年金の財源

 年金論争がいやに盛んだぁと思って新聞をよく読んだら、五年に一度の制度見直しの時期に当たっていると言う。今頃気付き迂闊というより非常識といえるが我ながらご粗末な話しで呆れた。

 さて年金が大変な事になっている事はかねがね承知してはいる。理由は収入よりも支給額が多くてこのままでは年金会計が破綻するという。

 何故収入が思うほど入らぬかといえば、少子化社会の到来で年金納入者数が減少した上に不景気で失業者が多くなったり、未納者が多数出たりでどうにもならないそうだ。何しろ話が専門的である上にそろばん片手でないと話しにならんこともあって、どうも話に参入しにくくてつい誰かが何とかしてくれるだろうと、自分の生活の命綱であるにも関わらず、識者の論争をゲーム観戦感覚で心ならずも見てしまうという不見識を犯してしまう。
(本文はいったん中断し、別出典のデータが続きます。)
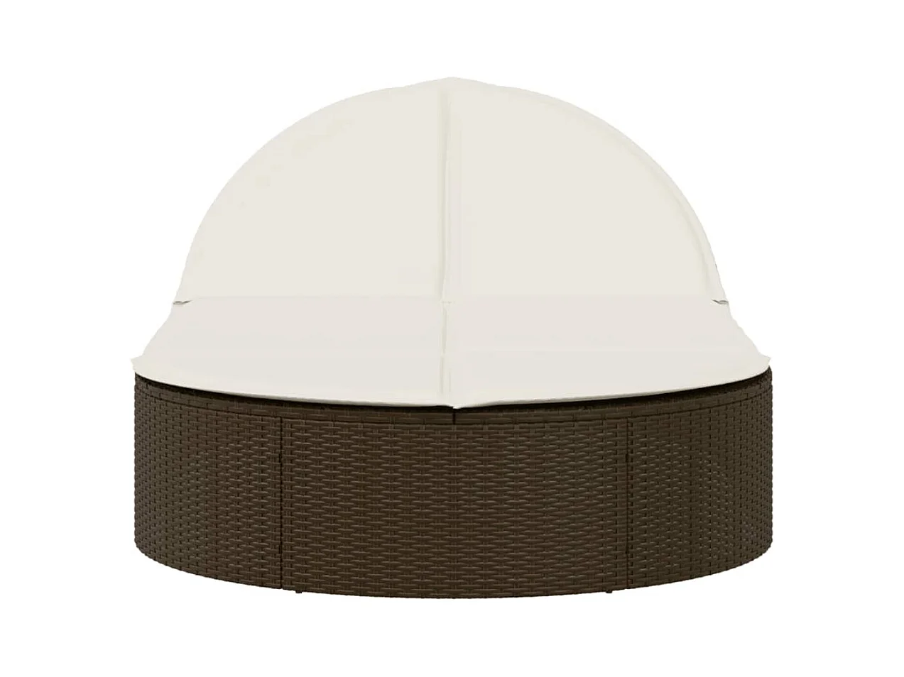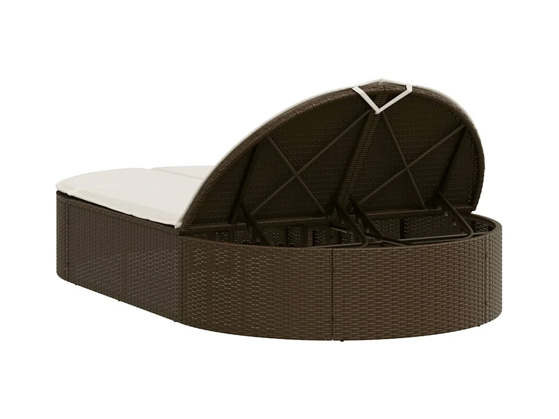 Dubbele loungestoel met baldakijn en bruine polyrotan kussens

 今論争の中心は基礎年金部分を税金で賄うか、それとも消費税を増税してそれで賄うかということである。どちらも税金でと言う発想は同じであるし、これはスエーデン方式で望ましい事は証明済みだが、その税源をどこに求めるかで利害が反して意見が分かれている。経済界は負担が多くなる年金率アップに反対して支給額を引き下げろというし、消費税アップは低所得層の生活を直撃する悪税だと多数の人が反対だし、公明党は景気対策としてドサクサにまぎれてやった、所得税一律二十パーセント引き下げ を元に戻せばその額で賄えると提案しているがこれが一番良い安だと思うがどうだろうか。

 消費税をアップしないと決めてかかればそれしかないが、今の消費税の欠点である逆累進性を改善すれば消費税アップにかなりの人が賛成するのではあるまいか。納税が嫌なのではなくて不公平が癪なのである。乏しきを憂いず等しからずを憂いる。は古来からの至言である。

 スエーデンの人々のように いや税金はみな返ってくるんです。と胸を張って言える政治をして欲しいものである。ついでに言えば日本の企業の社会的負担率は、先進国中で一番低い事実を企業家は直視してその責任を果たすべきである。

 先日トヨタ自動車の脱税を指摘されて 日本で一番多額の税金を払っているのはわが社だ と開き直っていたのをテレビで見て呆れたが、心を入れ替えて欲しいものだ。そんなことでは企業の社会負担率をグローバル並しようなどという発想はでてこない。